## What you have to do
The entries are to be printed again word for word, but no picture may appear.

## Dataset items
::::::::::

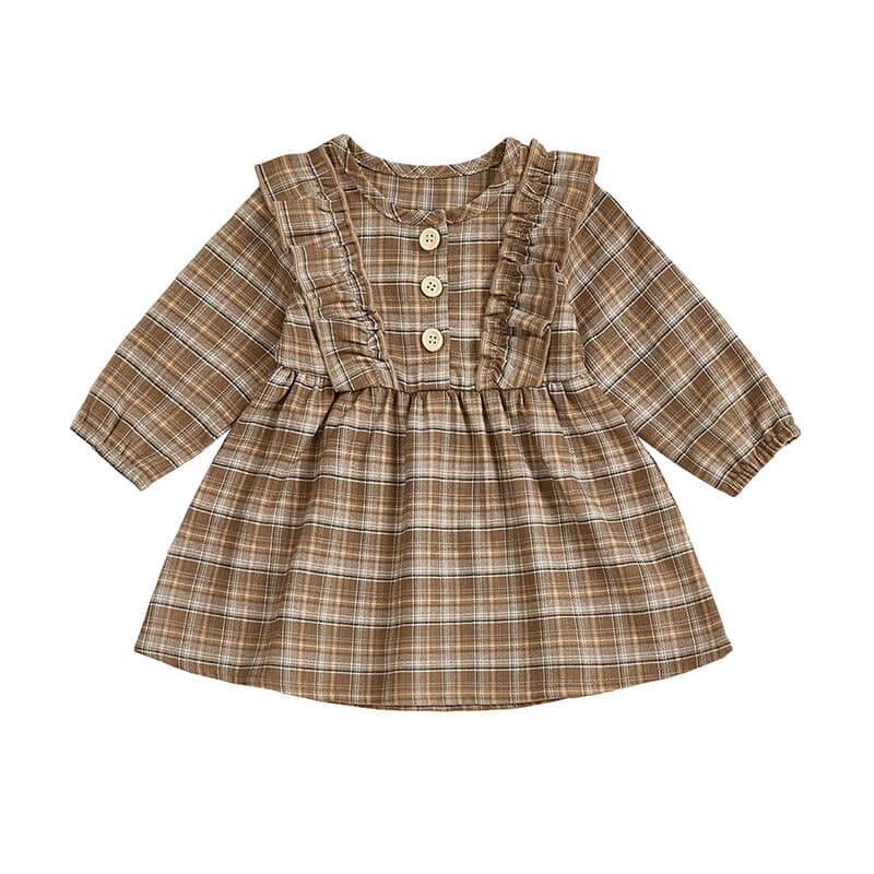 This charming little girl dress features a classic plaid pattern that brings cozy, timeless style to any season. The ruffled front detailing and wooden-style buttons add an adorable touch of vintage elegance. Its soft, breathable fabric and long sleeves keep your little one comfortable for playdates, family outings, or festive gatherings. The gently flared skirt provides plenty of room for movement, making it as practical as it is cute. Perfect for fall, winter, and everyday wear, this dress is a must-have addition to your little girl’s wardrobe.
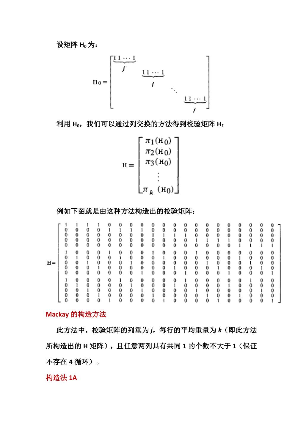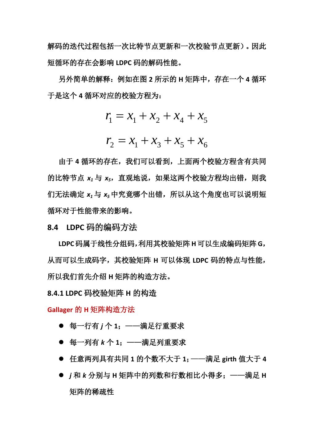 8 .解码的迭代过程包括一次比特节点更新和一次校验节点更新)。因此 短循环的存在会影响 LDPC 码的解码性能。 另外简单的解释:例如在图 2 所示的 H 矩阵中,存在一个 4 循环 于是这个 4 循环对应的校验方程为: r1 = x1 + x2 + x4 + x5 r2 = x1 + x3 + x5 + x6 由于 4 循环的存在,我们可以看到,上面两个校验方程含有共同 的比特节点 x1 与 x5,直观地说,如果这两个校验方程均出错,则我 们无法确定 x1 与 x5 中究竟哪个出错,所以从这个角度也可以说明短 循环对于性能带来的影响。 8.4 LDPC 码的编码方法 LDPC 码属于线性分组码,利用其校验矩阵 H 可以生成编码矩阵 G, 从而可以生成码字,其校验矩阵 H 可以体现 LDPC 码的特点与性能, 所以我们首先介绍 H 矩阵的构造方法。 8.4.1 LDPC 码校验矩阵 H 的构造 Gallager 的 H 矩阵构造方法 每一行有 j 个 1;——满足行重要求 每一列有 k 个 1;——满足列重要求 任意两列具有共同 1 的个数不大于 1;——满足 girth 值大于 4 j 和 k 分别与 H 矩阵中的列数和行数相比小得多;——满足 H 矩阵的稀疏性
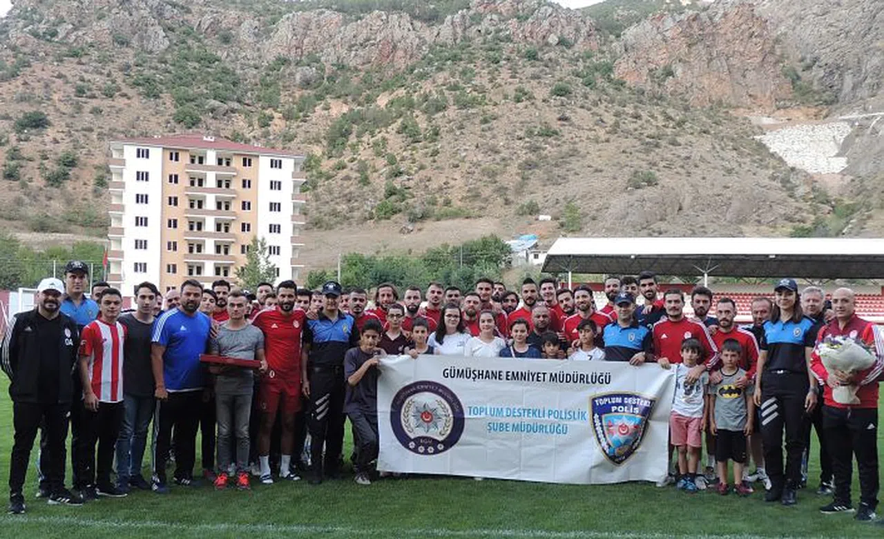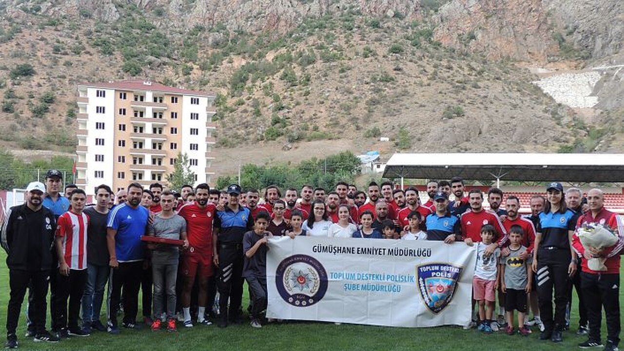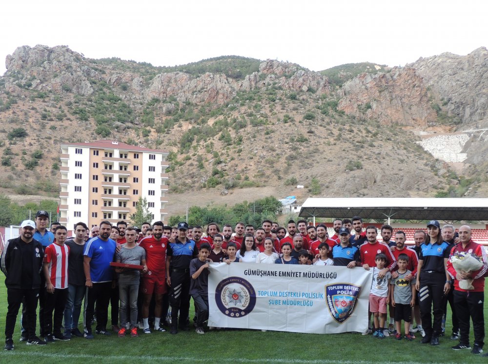 Gümüşhane İl Emniyet Müdürlüğü Toplum Destekli Polislik Şube Müdürlüğü personeli tarafından hazırlanan ÇOGEP “Bir Çocuk Bin Umut 2” projesi kapsamında 30 çocuk, Gümüşhanespor’lu futbolcuları antrenmanda ziyaret etti.
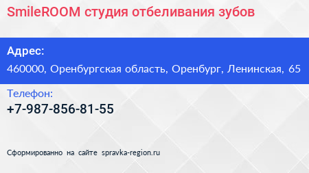 SmileROOM, студия отбеливания зубов по адресу 460000, Оренбургская область, Оренбург, Ленинская, 65 в дальнейшем Организация, размещена в следующих категориях:
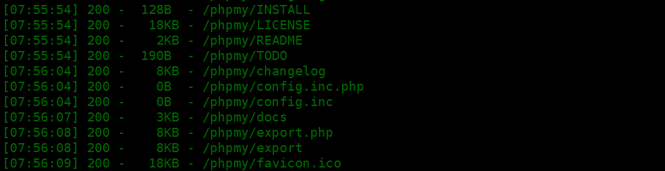 29)对phpmy目录进行目录爬取:- # dirsearch -u http://192.168.56.107/phpmy
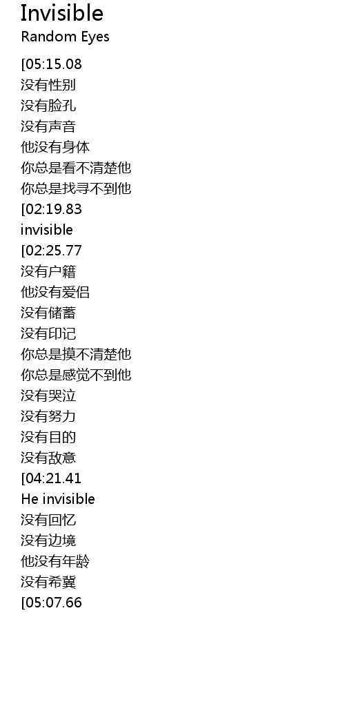 | [02:14.18][02:25.77][03:23.55][03:35.06] | he' s invisible |
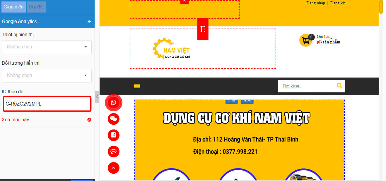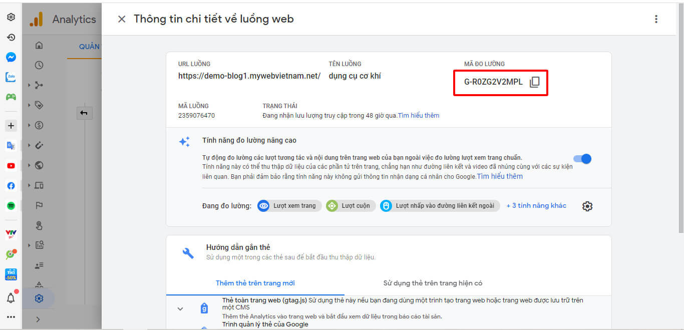 - Copy mã đo lường quay lại website muốn gắn mã.

::::::::::

## Task solution
 This charming little girl dress features a classic plaid pattern that brings cozy, timeless style to any season. The ruffled front detailing and wooden-style buttons add an adorable touch of vintage elegance. Its soft, breathable fabric and long sleeves keep your little one comfortable for playdates, family outings, or festive gatherings. The gently flared skirt provides plenty of room for movement, making it as practical as it is cute. Perfect for fall, winter, and everyday wear, this dress is a must-have addition to your little girl’s wardrobe.
 8 .解码的迭代过程包括一次比特节点更新和一次校验节点更新)。因此 短循环的存在会影响 LDPC 码的解码性能。 另外简单的解释:例如在图 2 所示的 H 矩阵中,存在一个 4 循环 于是这个 4 循环对应的校验方程为: r1 = x1 + x2 + x4 + x5 r2 = x1 + x3 + x5 + x6 由于 4 循环的存在,我们可以看到,上面两个校验方程含有共同 的比特节点 x1 与 x5,直观地说,如果这两个校验方程均出错,则我 们无法确定 x1 与 x5 中究竟哪个出错,所以从这个角度也可以说明短 循环对于性能带来的影响。 8.4 LDPC 码的编码方法 LDPC 码属于线性分组码,利用其校验矩阵 H 可以生成编码矩阵 G, 从而可以生成码字,其校验矩阵 H 可以体现 LDPC 码的特点与性能, 所以我们首先介绍 H 矩阵的构造方法。 8.4.1 LDPC 码校验矩阵 H 的构造 Gallager 的 H 矩阵构造方法 每一行有 j 个 1;——满足行重要求 每一列有 k 个 1;——满足列重要求 任意两列具有共同 1 的个数不大于 1;——满足 girth 值大于 4 j 和 k 分别与 H 矩阵中的列数和行数相比小得多;——满足 H 矩阵的稀疏性
 Gümüşhane İl Emniyet Müdürlüğü Toplum Destekli Polislik Şube Müdürlüğü personeli tarafından hazırlanan ÇOGEP “Bir Çocuk Bin Umut 2” projesi kapsamında 30 çocuk, Gümüşhanespor’lu futbolcuları antrenmanda ziyaret etti.
 SmileROOM, студия отбеливания зубов по адресу 460000, Оренбургская область, Оренбург, Ленинская, 65 в дальнейшем Организация, размещена в следующих категориях:
 29)对phpmy目录进行目录爬取:- # dirsearch -u http://192.168.56.107/phpmy
 | [02:14.18][02:25.77][03:23.55][03:35.06] | he' s invisible |
 - Copy mã đo lường quay lại website muốn gắn mã.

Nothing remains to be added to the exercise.